I'm a sucker for documentaries that show the 'rise and fall' of military
empires, businesses and the like. I love seeing the plan that made
these giants possible, then what changed that led to the inevitable
decline.
So when I saw that ESPN was going to have a special
titled 'The U' on how Miami Hurricanes football became a juggernaut in
the 1980s, I had to watch. Now let me have a disclaimer here; the Canes
in the 80s were brash, cocky, arrogant, and much of what their players
did was a complete embarrassment to college football, in my opinion. I
wasn't interested in the special from that angle, I wanted to see what
happened to take a football program from all but being closed in the
late 70s, to being the dominant program in the country just a few years
later.
To give this story a baseline and some perspective, in
the late 70s, support for Miami's football program was so low that the
school ran promotions with local Burger Kings to give away a free
football ticket if you bought a Whopper! The school was about ready to
drop the football program when it hired Howard Schnellenberger in 1979.
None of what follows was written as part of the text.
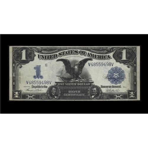 <B>Fr. 233 $1 1899 Silver Certificate About New.</B></I> Original embossing can be seen on this center-folded, lightly aged Black Eagle.

Schnellenberger had tutored under two of the greatest football coaches
of all-time, Bear Bryant at Alabama and Don Shula at the Miami Dolphins.
When
Schnellenberger arrived in Miami, he immediately started putting his
fingerprints over the entire program. His first goal was to 'win back'
the city of Miami. Racial and economic tensions had divided the city in
the early 80s, and left the entire area looking for an identify to
unify it.
And Schnellenberger saw that potential identity as
being the Miami Hurricanes football team. He purposely focused almost
all of his recruiting efforts on getting football players from
inner-city Miami, and the surrounding areas. He did that because as he
explained, he wanted to recruit kids from South Florida that wanted to
play in front of their friends and family, so they would be in the
stands cheering on these players.
Schnellenberger's staff called
South Florida 'The State of Miami', and told his staff to saturate that
area of the state with their recruiting efforts. What happened was that
kids from Miami started committing to play football at Miami, and then
started calling their friends at other local schools and told them to
come to Miami as well.
And the Miami community noticed that
Schnellenberger was going into rough, inner city areas of Miami, and
recruiting kids that other schools wouldn't touch. That began to
resonate with the Miami community, and they began to respect
Schnellenberger and in the process, the community began to adopt the
Miami team as their own. Because it was.
"By the mid 80s, the Hurricanes were Miami's team" - Billy Corben, Director of The U
In
1983, the Miami Hurricanes won the school's first football National
Championship. And the key was, that title was won with LOCAL players.
An area that had been engulfed in strife and division, now had a reason
to come together, and Schnellenberger instilled a sense of pride, of
local pride, in the Miami program.
What does all of this have to
do with your company's efforts to build an on or offline community? The
lesson learned here is to give the people you are trying to reach, a sense of ownership in something larger than themselves.
Schnellenberger did NOT recruit the best players in the country, he
recruited the best players in Miami, specifically because he wanted
LOCAL players. He wanted the mamas and daddies of these players to be
in the stands cheering their sons on. He wanted the Miami community to identify with this team.
And they did. Remember that lesson when you are trying to create your community-building efforts.
By: Mack Collier for The Viral Garden.